=== DATA PROVIDED ===

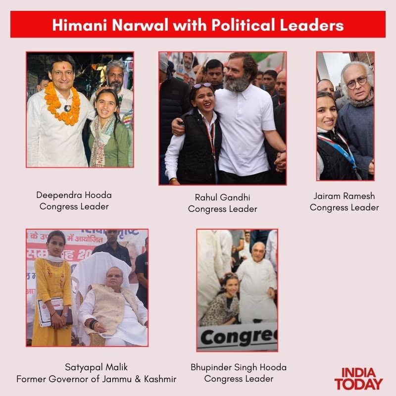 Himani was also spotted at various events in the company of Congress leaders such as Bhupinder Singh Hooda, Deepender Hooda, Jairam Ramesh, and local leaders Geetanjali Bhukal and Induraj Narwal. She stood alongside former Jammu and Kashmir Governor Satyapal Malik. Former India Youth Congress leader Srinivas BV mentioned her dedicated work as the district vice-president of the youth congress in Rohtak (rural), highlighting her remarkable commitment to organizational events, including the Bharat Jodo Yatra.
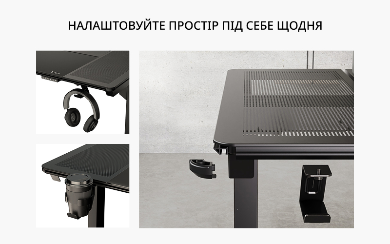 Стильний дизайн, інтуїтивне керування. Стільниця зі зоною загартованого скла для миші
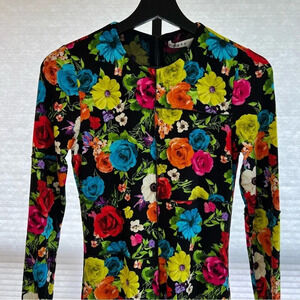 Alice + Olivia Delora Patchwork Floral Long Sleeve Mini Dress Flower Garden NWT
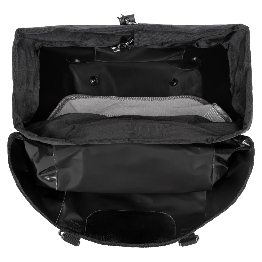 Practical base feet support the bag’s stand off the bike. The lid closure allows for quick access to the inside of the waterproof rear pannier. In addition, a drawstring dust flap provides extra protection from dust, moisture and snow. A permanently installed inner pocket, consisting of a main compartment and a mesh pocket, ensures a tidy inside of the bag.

===
=== DATA PROVIDED ===

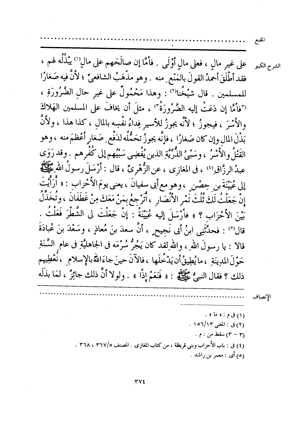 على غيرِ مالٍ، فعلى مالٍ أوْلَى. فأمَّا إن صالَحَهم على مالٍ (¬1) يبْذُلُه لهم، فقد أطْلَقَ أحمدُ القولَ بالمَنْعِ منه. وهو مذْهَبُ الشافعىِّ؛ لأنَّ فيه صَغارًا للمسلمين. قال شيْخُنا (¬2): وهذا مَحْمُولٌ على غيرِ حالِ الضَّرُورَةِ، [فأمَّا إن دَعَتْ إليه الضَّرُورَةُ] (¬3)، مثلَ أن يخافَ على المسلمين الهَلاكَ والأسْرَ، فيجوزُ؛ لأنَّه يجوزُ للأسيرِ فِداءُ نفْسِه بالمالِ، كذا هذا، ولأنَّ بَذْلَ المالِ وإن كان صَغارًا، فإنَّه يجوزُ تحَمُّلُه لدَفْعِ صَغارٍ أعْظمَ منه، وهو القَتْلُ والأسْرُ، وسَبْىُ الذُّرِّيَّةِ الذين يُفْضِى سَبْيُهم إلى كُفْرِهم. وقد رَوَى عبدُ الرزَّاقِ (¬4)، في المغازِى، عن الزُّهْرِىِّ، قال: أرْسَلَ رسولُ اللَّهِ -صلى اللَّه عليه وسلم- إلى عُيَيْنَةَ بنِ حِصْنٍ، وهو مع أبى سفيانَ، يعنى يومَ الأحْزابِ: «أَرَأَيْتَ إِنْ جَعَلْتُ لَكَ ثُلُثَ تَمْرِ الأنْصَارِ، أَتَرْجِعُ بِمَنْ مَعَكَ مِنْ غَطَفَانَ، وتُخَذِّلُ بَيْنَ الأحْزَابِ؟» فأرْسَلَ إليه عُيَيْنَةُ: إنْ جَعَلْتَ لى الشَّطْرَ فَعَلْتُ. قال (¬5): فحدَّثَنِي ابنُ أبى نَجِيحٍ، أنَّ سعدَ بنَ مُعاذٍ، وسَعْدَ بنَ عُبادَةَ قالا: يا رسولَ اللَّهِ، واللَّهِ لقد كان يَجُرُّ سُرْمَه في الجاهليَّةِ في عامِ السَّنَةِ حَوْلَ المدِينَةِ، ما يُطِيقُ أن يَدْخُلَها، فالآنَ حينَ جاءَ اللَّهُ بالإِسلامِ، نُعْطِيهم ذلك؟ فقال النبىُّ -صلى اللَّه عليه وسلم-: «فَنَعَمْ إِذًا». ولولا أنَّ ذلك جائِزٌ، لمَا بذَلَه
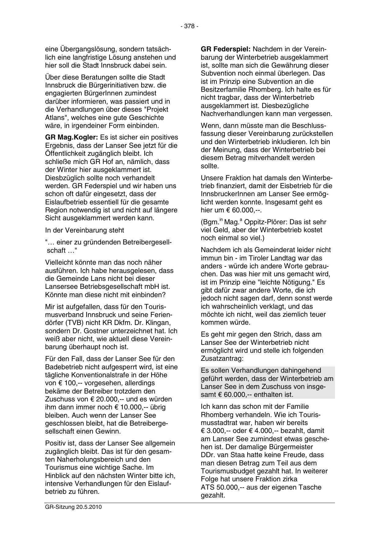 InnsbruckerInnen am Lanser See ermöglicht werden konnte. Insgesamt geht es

===

WHAT TO WORK ON
Repeat only the stretch of data above that runs from the line with "Стильний дизайн, інтуїтивне" to the line with "Practical base feet". Keep both end lines; exclude pictures.

WRITTEN SOLUTION
 Стильний дизайн, інтуїтивне керування. Стільниця зі зоною загартованого скла для миші
 Alice + Olivia Delora Patchwork Floral Long Sleeve Mini Dress Flower Garden NWT
 Practical base feet support the bag’s stand off the bike. The lid closure allows for quick access to the inside of the waterproof rear pannier. In addition, a drawstring dust flap provides extra protection from dust, moisture and snow. A permanently installed inner pocket, consisting of a main compartment and a mesh pocket, ensures a tidy inside of the bag.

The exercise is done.